The data:
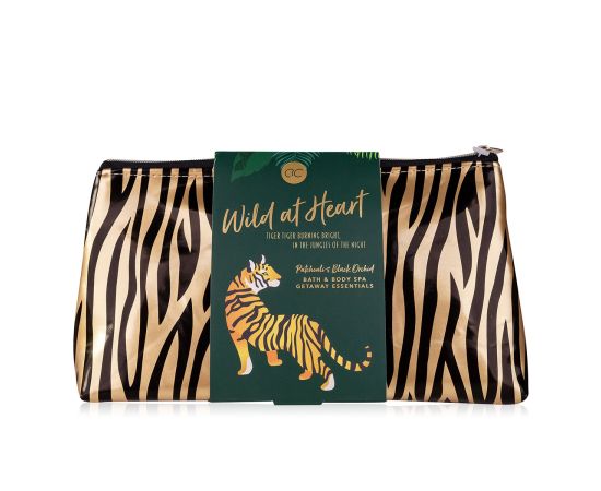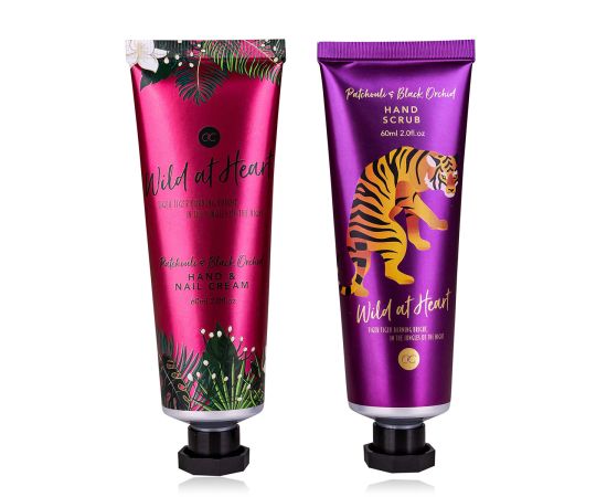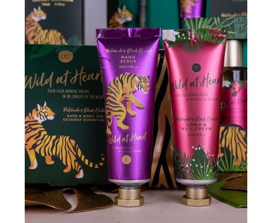 Regalo donna, crema per la mani, scrub, Hand care set WILD AT HEART in cosmetic bag, 60ml hand & nail cream, 60ml hand scrub, fragrance: Patchouli & Black Orchid, col. green/gold/black, regali di natale
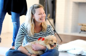And, most importantly, a pair of fluffy 7-week-old golden retriever puppies — Prada and her brother, Gunther — awaited their debut, complete with red bows around their necks.
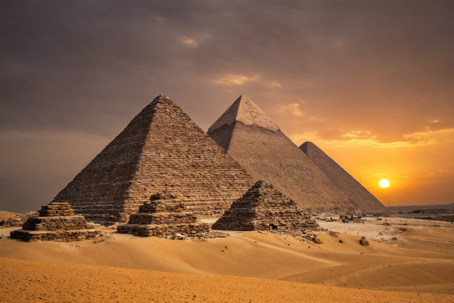Stand before the last surviving Wonder of the Ancient World — the Great Pyramids of Giza, built over 4,500 years ago as monumental tombs of Egypt’s mighty pharaohs.
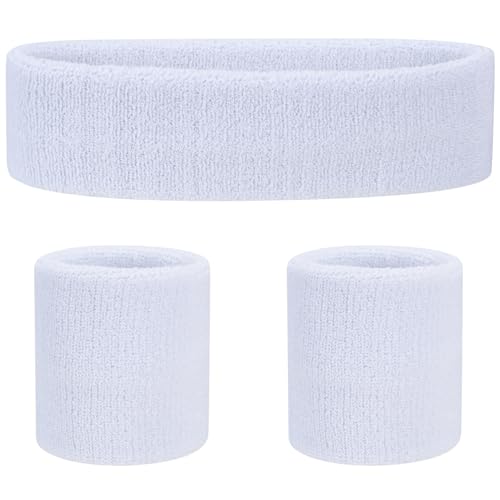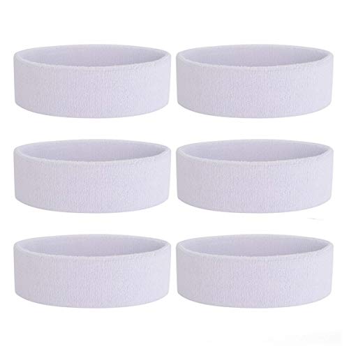ONUPGO Svettband, pannband för män och kvinnor, sportpannband i fukttransporterande bomullsfrotté, atletiskt och svettabsorberande, 3 st (6 pannband, vita)
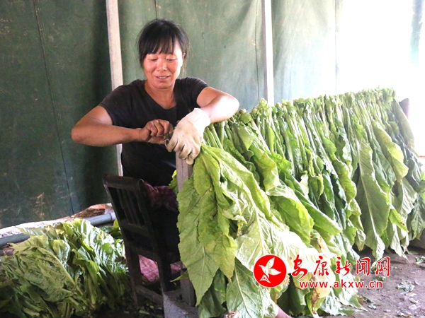 在龍洞河村廖明清的烤煙房外,65歲的鄧明珠正熟練的挑揀、捆綁,幾分鐘就把一桿煙葉綁好了。鄧大娘一邊干活一邊笑著說:“通過扶貧搬遷搬到了山下,兒女在外務工,乘著現(xiàn)在我還能干,給兒女減輕一些負擔,我已在這里干了幾個月了,每天100元的工資,土地也流轉給合作社,兩項加起來1萬多塊錢還是掙得到的。
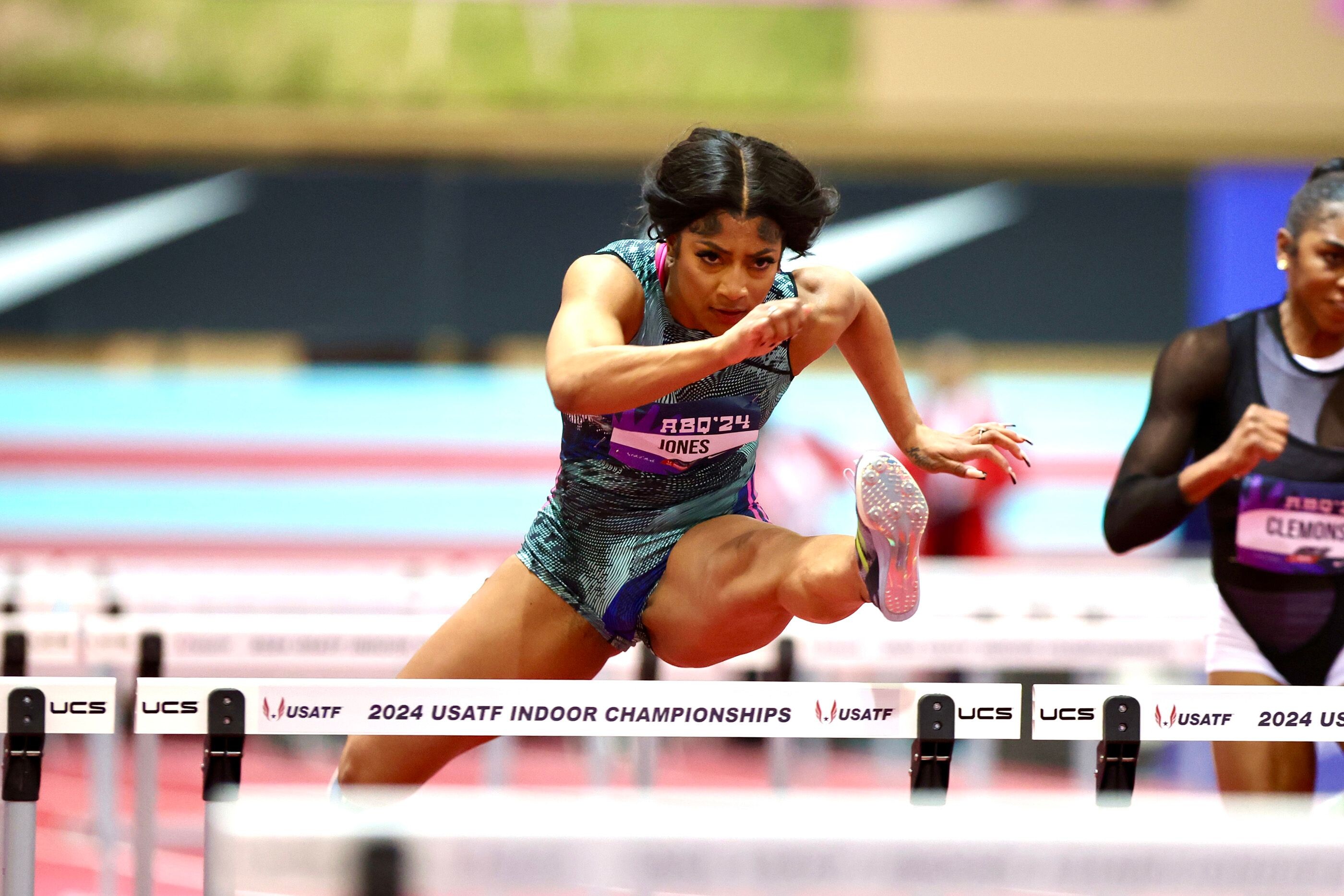 Women’s 60m: Mikiah Brisco (USA) and Zoe Hobbs (NZL) lead the field.
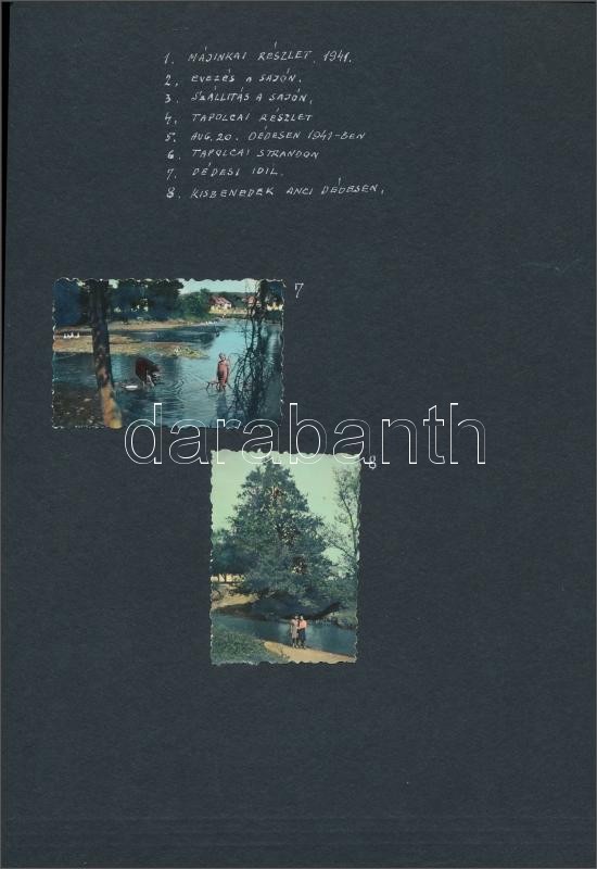 cca 1941 Szépen színezett amatőr emlékképek albumlapon, 9 db vintage f... https://www.darabanth.com/hu/314-Gyorsarveres/314.0/Festmeny-mutargy-papirregiseg-egyeb/Foto~100019/cca-1941-Szepen-szinezett-amator-emlekkepek-albumlapon-9-db-vintage-foto-6-5x5-cm-es-11-5x7~II1678391
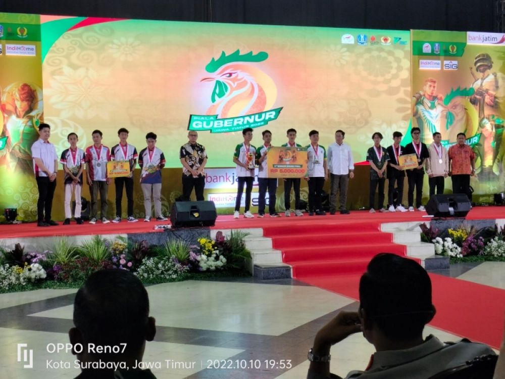 Setelah dilakukan babak penyisihan secara online, dan hari ini di gelar final secara offline, didapat juara yang merupakan tim perwakilan kota/ kabupaten, berikut berturut juara 1, 2, dan 3 masing masing nomer, : Mobile Legend: Surabaya, Sidoarjo, Kediri, Free fire : Sidoarjo, Sidoarjo, Sumenep, PUBG : Tulung agung, Madiun/ Magetan, Surabaya. (ali)
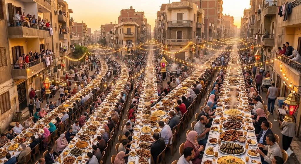 ومع حلول موعد أذان المغرب في الخامس عشر من رمضان، تتحول عزبة حمادة إلى مشهد إنساني استثنائي، حيث يجلس عشرات الآلاف من الصائمين جنبًا إلى جنب على مائدة واحدة تمتد عبر الشوارع، في صورة تعكس كرم المصريين وروحهم المتضامنة، ورسالة محبة وبهجة يبعث بها أهالي المطرية من قلب القاهرة إلى العالم.
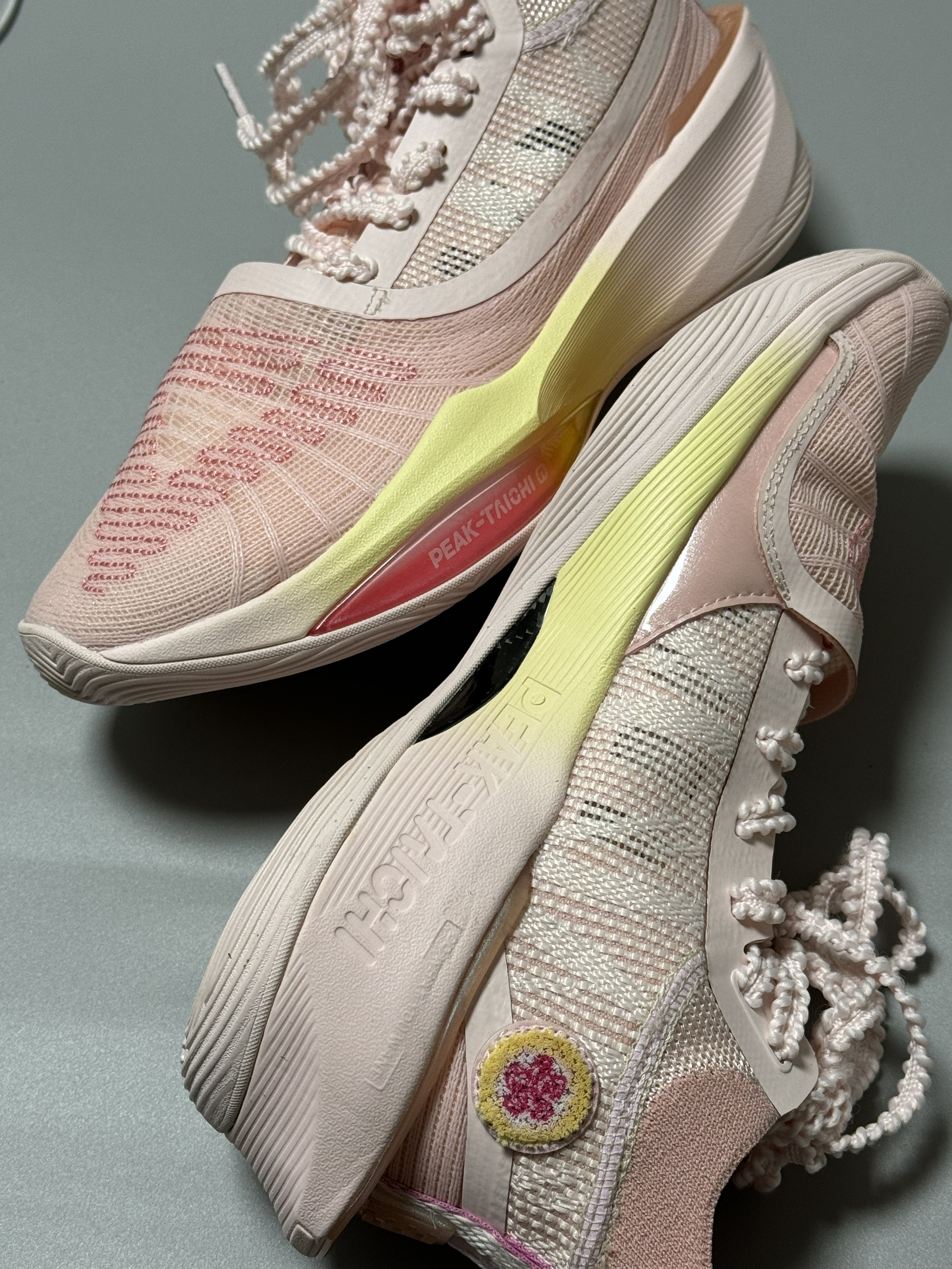 halo 阿迪来了,本期分享的实战鞋是这双最近get的匹克实战鞋!没错,就是这双态极大三角pro 整双鞋采用粉嫩的“樱花🌸”配色,鞋型的外观给人很强的力量感!鞋头包覆罩面由水绣、绞综双工艺相结合,肌肉线条纹理,力量美学! 而且相比前代,整体的线条处理要更加的棱角分明,再搭配上流畅的鞋型设计,让这双球鞋整体的颜值表现还是挺不错的。 这就是一双具有大三角家族式设计风格又有设计创新的新产品。 这个鞋子初...
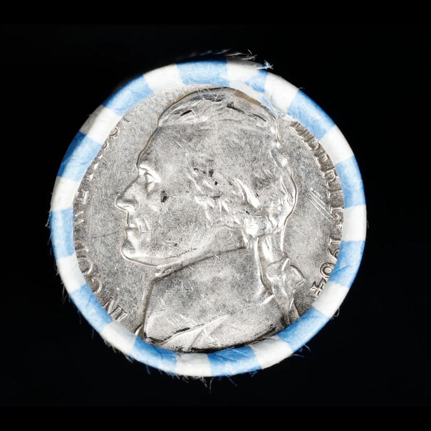 Shotgun Jefferson 5c roll, 1964-d 40 pcs Nickel Wrapper. A terrific Shotgun roll of unsearched Jefferson nickles. Most if not all coins should be gem or better
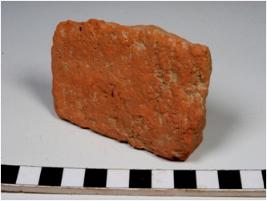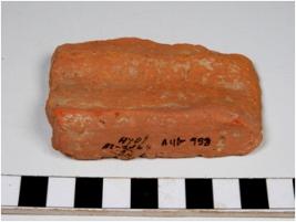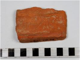 | Description / विवरण | A terracotta tile having deep impression rough surface of medium fabric. |
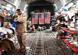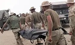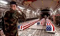 ![]() Au 19 juillet 2021, selon le site Web du ministère américain de la Défense, il y a eu 4 431 morts au total et 31 994 blessés au combat à la suite de la guerre en Irak[36]. |

About this task: From the records above, give again only the part that opens with the line containing "And, most importantly, a" and closes with the line containing "cca 1941 Szépen". Keep both ends but drop the pictures.

Answer for the task:
And, most importantly, a pair of fluffy 7-week-old golden retriever puppies — Prada and her brother, Gunther — awaited their debut, complete with red bows around their necks.
Stand before the last surviving Wonder of the Ancient World — the Great Pyramids of Giza, built over 4,500 years ago as monumental tombs of Egypt’s mighty pharaohs.
ONUPGO Svettband, pannband för män och kvinnor, sportpannband i fukttransporterande bomullsfrotté, atletiskt och svettabsorberande, 3 st (6 pannband, vita)
 在龍洞河村廖明清的烤煙房外,65歲的鄧明珠正熟練的挑揀、捆綁,幾分鐘就把一桿煙葉綁好了。鄧大娘一邊干活一邊笑著說:“通過扶貧搬遷搬到了山下,兒女在外務工,乘著現(xiàn)在我還能干,給兒女減輕一些負擔,我已在這里干了幾個月了,每天100元的工資,土地也流轉給合作社,兩項加起來1萬多塊錢還是掙得到的。
 Women’s 60m: Mikiah Brisco (USA) and Zoe Hobbs (NZL) lead the field.
 cca 1941 Szépen színezett amatőr emlékképek albumlapon, 9 db vintage f... https://www.darabanth.com/hu/314-Gyorsarveres/314.0/Festmeny-mutargy-papirregiseg-egyeb/Foto~100019/cca-1941-Szepen-szinezett-amator-emlekkepek-albumlapon-9-db-vintage-foto-6-5x5-cm-es-11-5x7~II1678391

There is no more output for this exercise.